#100DaysOfWeb in Python Transcripts
Chapter: Days 13-16: CSS Layout and Design
Lecture: Demo: Exploring CSS selectors

Login or purchase this course to watch this video and the rest of the course contents.
0:00 Now that you're familiar with our CSS selector app. Lets go click around, and see what we got. Let's start by exploring the idea of selectors.
0:09 That's what we've spoken about so far. So, here we have a static page, selectors.html. And it kind of looks like my podcast, right? Talk Python to Me.
0:18 So, you can see if we were to go to Talk Python and we were going to go to the episodes you'd see it looks very much like this.
0:26 However, what I've done is I've added this little section at the top that lets us type in CSS selectors. And so, for example
0:34 each one of these little blocks here is going to be a td, right? A table data element. If we hit that notice how they're all lighting up.
0:45 We can come down here and see that we have a whole bunch of little boxes lit up. And we can do, show me all the table rows. There are the table rows.
0:54 I could show me all the images. Then it goes to the images on the page. So the idea of this site is going to let us explore
1:01 and let you experiment with creating selectors that will do interesting things. Now, there's a bunch of HTML here
1:07 you can go and open it up and look at it but its not super relevant to know what's going on. Instead, I made this dialog using Bootstrap
1:15 to let us ask questions like "I would like to see all the elements that are episodes released this month."
1:23 So, they're going to have a class, this-month and it's worth pointing out the meaning of having a class is you know, there's a bunch of things
1:31 potentially with that class but the meaning of an id is that it's supposed to be unique within the page. So as you think about designing HTML if
1:38 there's going to be exactly one thing like one latest episode, than maybe its an id but if there's multiple things like
1:45 say, this-month or course-images or whatever then, of course you need that to be a class. So, lets go over here. I want to find all the stuff
1:53 that has the latest-episode. If I run that, nothing happens because this is an id not an HTML tag, right? So, remember, in CSS, how do we say id?
2:03 Hash, so hash latest-episode there. That's cool. What if we want to know about the ones that were this-month? Remember, that was a class.
2:14 So, to specify a class you say, dot. That little tiny dot right there. So, those are the ones that have run or released in March 2019.
2:25 See one on the 9th and one on the 13th. That's pretty awesome right? What else can we do? We could ask for the body.
2:32 We could ask for the table head, th and because that's an HTML element we just put, th, and that selects that. If you want tbody, for the table body
2:43 there's the table body. If you want all the things with class, button that would be this one, this one and this one that I can see.
2:52 This is a Bootstrap design style, click that and now all three of those change. So, it's kind of better this thing can even change itself, right?

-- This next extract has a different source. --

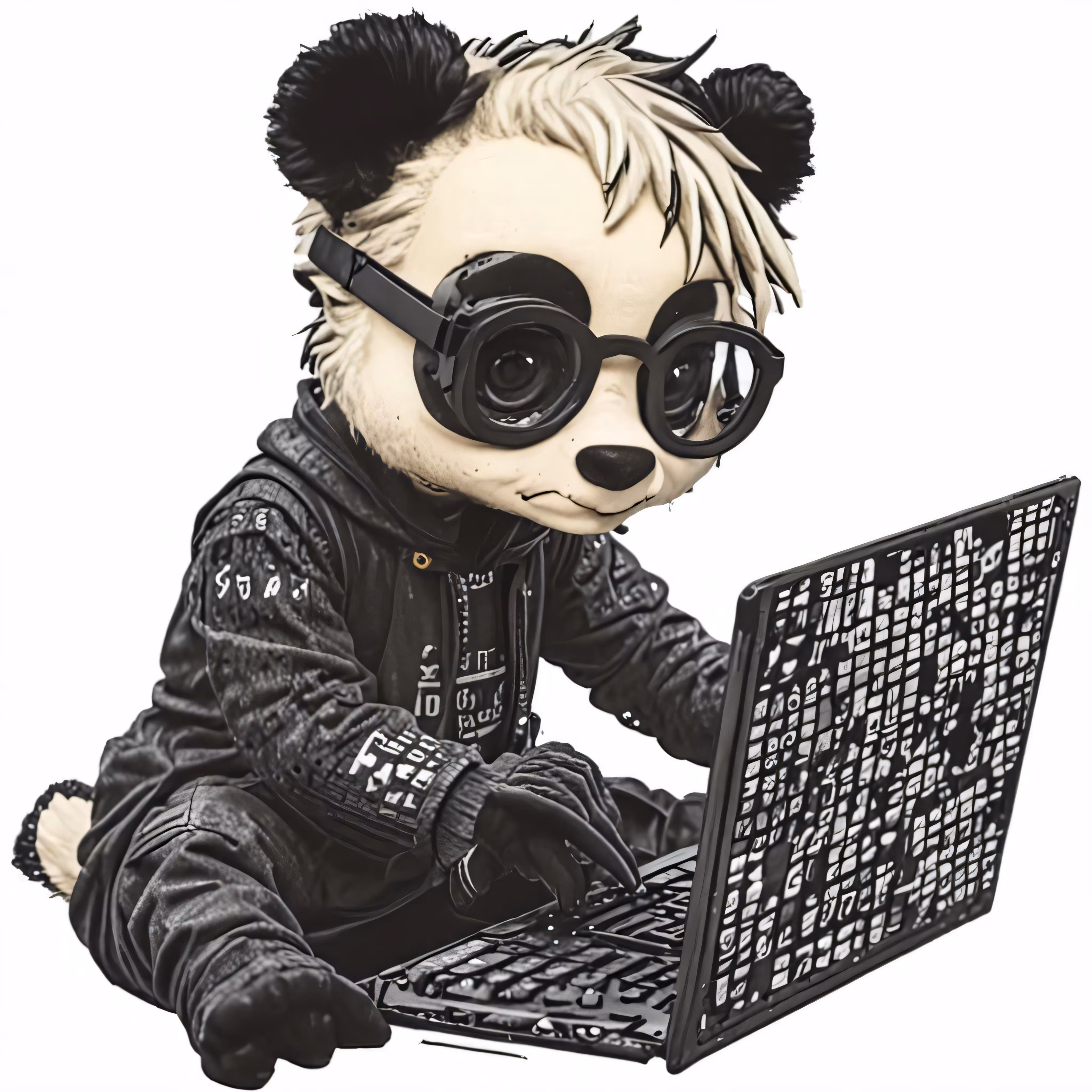 High resolution picture, free to use, a stuffed panda bear wearing glasses is typing on a laptop

3:00 Let's clean that up. Let's do one more thing, let's say we are interested in all the things that are course-images
3:06 but ultimately we're only going to be interested in the one that has a certain id. So, we come down here and say course-image and it's like that.

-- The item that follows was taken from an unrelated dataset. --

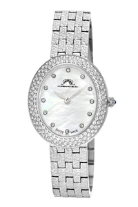 Porsamo Bleu Angelica Luxury Women's Oval And Topaz Stainless Steel Watch, Silver Tone 1342AANS
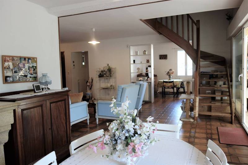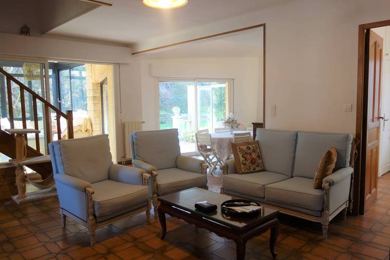 On entre dans le séjour /salon de 40m² avec cheminée ouverte. De grandes baies vitrées donnent accès à la terrasse et à la véranda de 17m² chauffée. L'espace est confortable et lumineux.

3:14 What if we wanted to select just the hyperlinks within there? Well, the way we have containment is we put a space, so we put a little
3:23 space right there and we put, a, for hyperlinks now the image itself is a hyperlink and that's a hyperlink. Okay? So, we're selecting that.
3:32 We could also say the ones that are only directly contained within there and it turns out that's how it is so it doesn't really make any difference.
3:39 We could also come over here and say that we want the course-images that are also have the name Pythonic. So, that selects the element
3:48 that is contained within the course-image that has id, Pythonic, and that's just the hyperlink there. Okay, so hopefully this gives you a sense
3:56 of what you can do with CSS and I really like the visual aspect so you want to see all the td's, the tr's the, this-month, things like that
4:07 it lets you quickly, quickly get feedback on experimenting with CSS selectors visually.